● **DATA SHOWN**
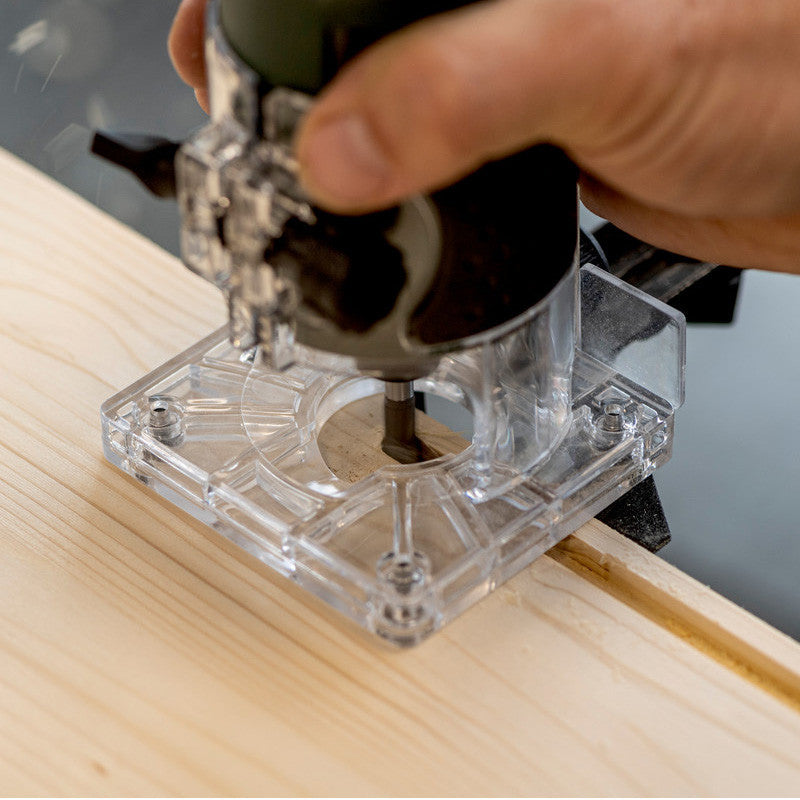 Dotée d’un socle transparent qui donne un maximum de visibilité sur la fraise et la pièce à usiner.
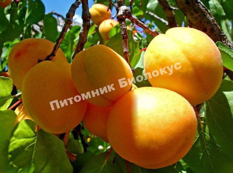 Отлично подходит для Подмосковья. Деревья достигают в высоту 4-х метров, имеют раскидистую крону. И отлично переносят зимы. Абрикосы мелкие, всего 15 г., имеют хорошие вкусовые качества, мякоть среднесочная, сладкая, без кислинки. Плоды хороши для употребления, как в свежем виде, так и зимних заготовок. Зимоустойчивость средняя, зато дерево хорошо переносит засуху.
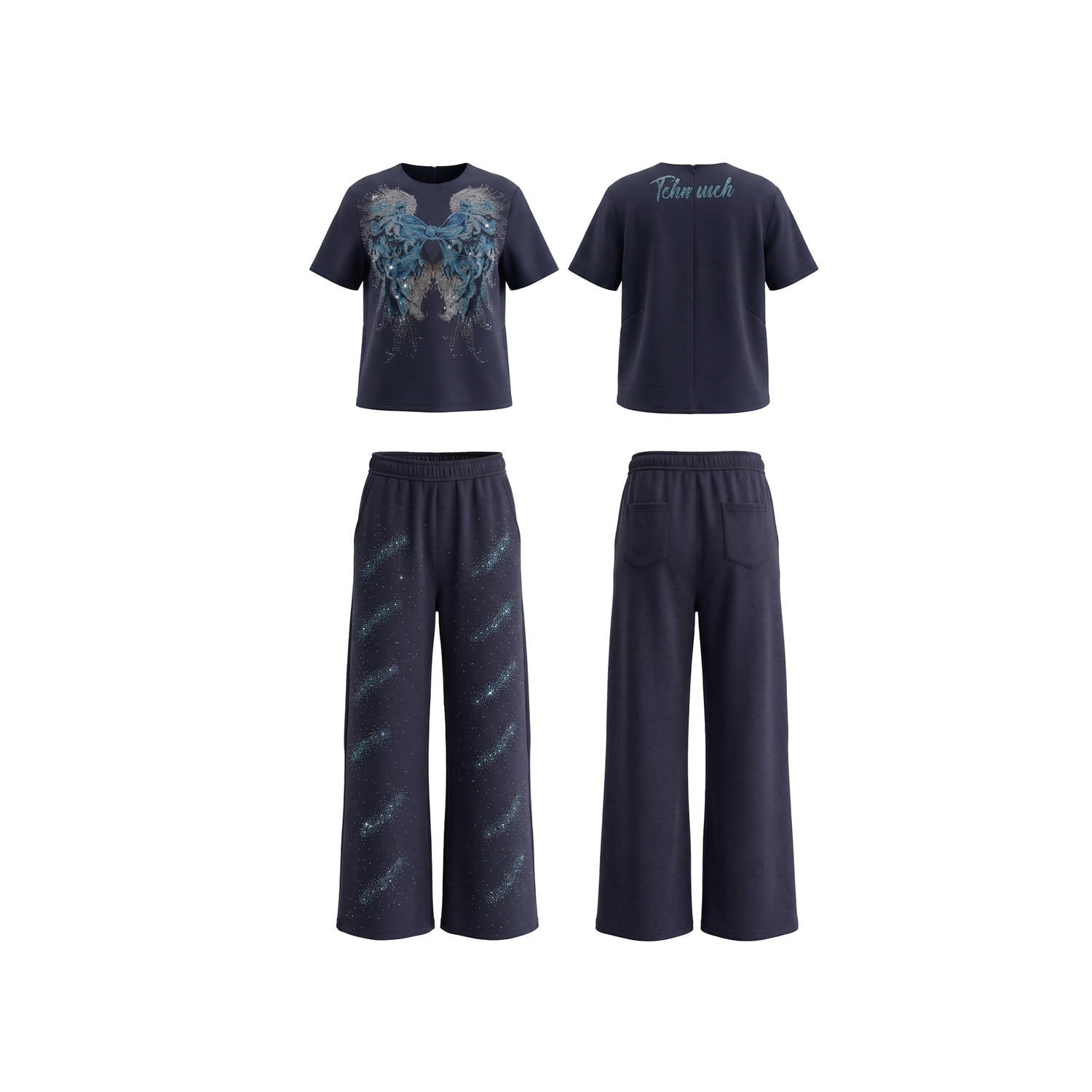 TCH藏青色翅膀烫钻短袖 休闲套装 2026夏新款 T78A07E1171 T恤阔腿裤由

--

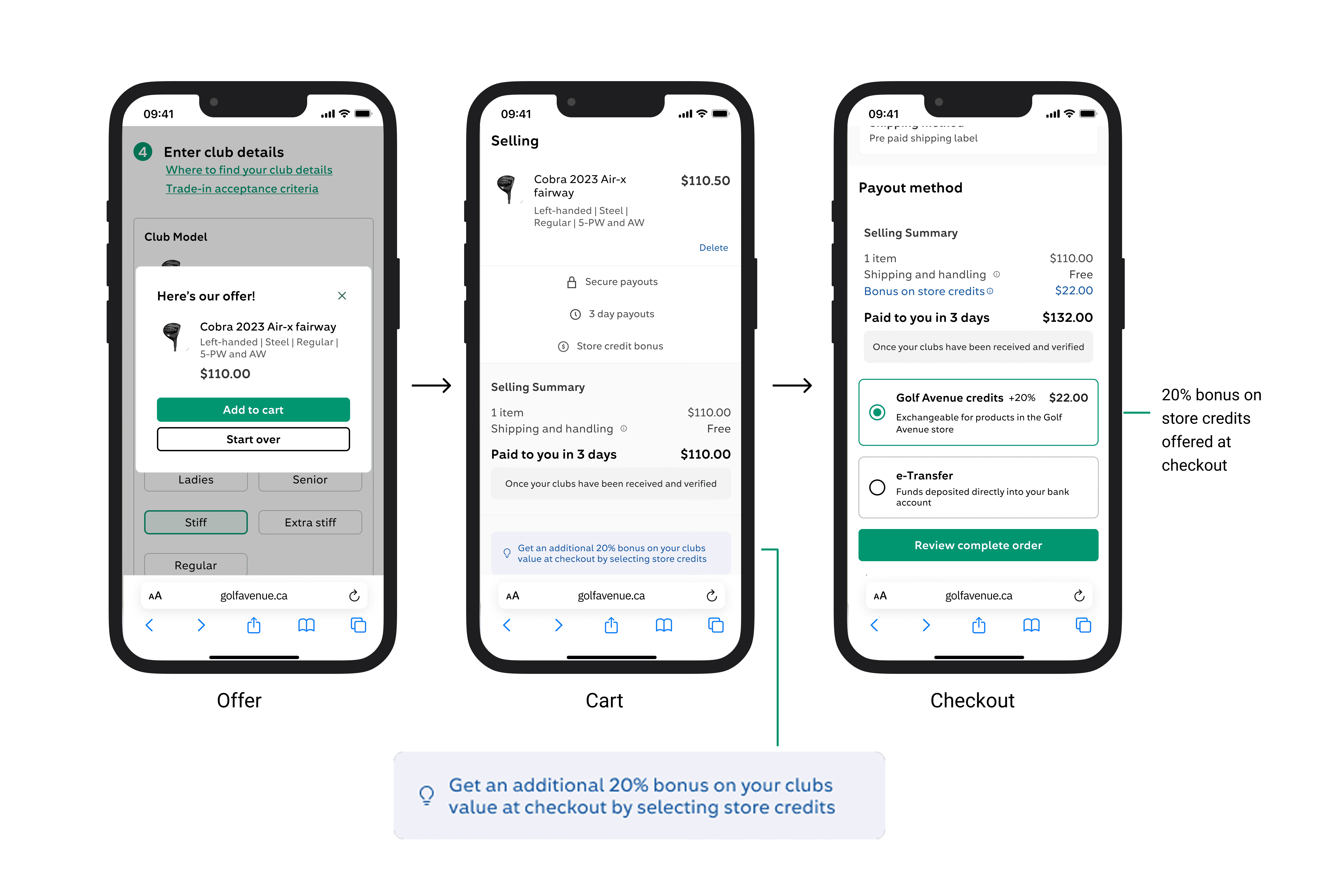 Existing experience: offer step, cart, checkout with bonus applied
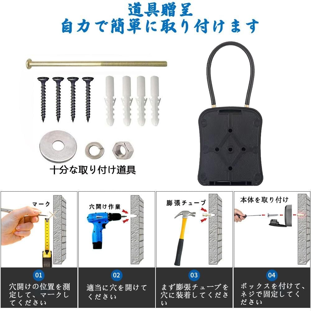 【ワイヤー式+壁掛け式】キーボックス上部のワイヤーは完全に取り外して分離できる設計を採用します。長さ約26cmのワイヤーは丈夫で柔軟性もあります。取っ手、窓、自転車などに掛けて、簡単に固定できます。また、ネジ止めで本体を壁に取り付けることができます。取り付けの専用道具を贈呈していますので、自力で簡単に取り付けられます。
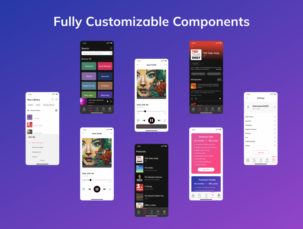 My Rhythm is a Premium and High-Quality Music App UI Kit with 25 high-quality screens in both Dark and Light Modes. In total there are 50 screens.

...

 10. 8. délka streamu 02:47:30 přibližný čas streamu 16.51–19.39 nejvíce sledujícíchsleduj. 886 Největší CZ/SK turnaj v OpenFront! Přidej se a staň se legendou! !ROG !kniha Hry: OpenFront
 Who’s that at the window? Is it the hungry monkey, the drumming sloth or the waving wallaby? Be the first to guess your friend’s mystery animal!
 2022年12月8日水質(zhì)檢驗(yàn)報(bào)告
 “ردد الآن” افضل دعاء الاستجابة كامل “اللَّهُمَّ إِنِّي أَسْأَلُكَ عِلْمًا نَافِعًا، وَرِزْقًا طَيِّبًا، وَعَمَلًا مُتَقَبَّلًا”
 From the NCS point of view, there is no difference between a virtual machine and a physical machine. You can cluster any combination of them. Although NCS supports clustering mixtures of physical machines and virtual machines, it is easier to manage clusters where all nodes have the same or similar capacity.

● **EXERCISE INSTRUCTIONS**
Once the line with "10. 8. délka" is found in the records above, print exactly that line and every line after it through the line with "From the NCS".

● **TASK RESPONSE**
 10. 8. délka streamu 02:47:30 přibližný čas streamu 16.51–19.39 nejvíce sledujícíchsleduj. 886 Největší CZ/SK turnaj v OpenFront! Přidej se a staň se legendou! !ROG !kniha Hry: OpenFront
 Who’s that at the window? Is it the hungry monkey, the drumming sloth or the waving wallaby? Be the first to guess your friend’s mystery animal!
 2022年12月8日水質(zhì)檢驗(yàn)報(bào)告
 “ردد الآن” افضل دعاء الاستجابة كامل “اللَّهُمَّ إِنِّي أَسْأَلُكَ عِلْمًا نَافِعًا، وَرِزْقًا طَيِّبًا، وَعَمَلًا مُتَقَبَّلًا”
 From the NCS point of view, there is no difference between a virtual machine and a physical machine. You can cluster any combination of them. Although NCS supports clustering mixtures of physical machines and virtual machines, it is easier to manage clusters where all nodes have the same or similar capacity.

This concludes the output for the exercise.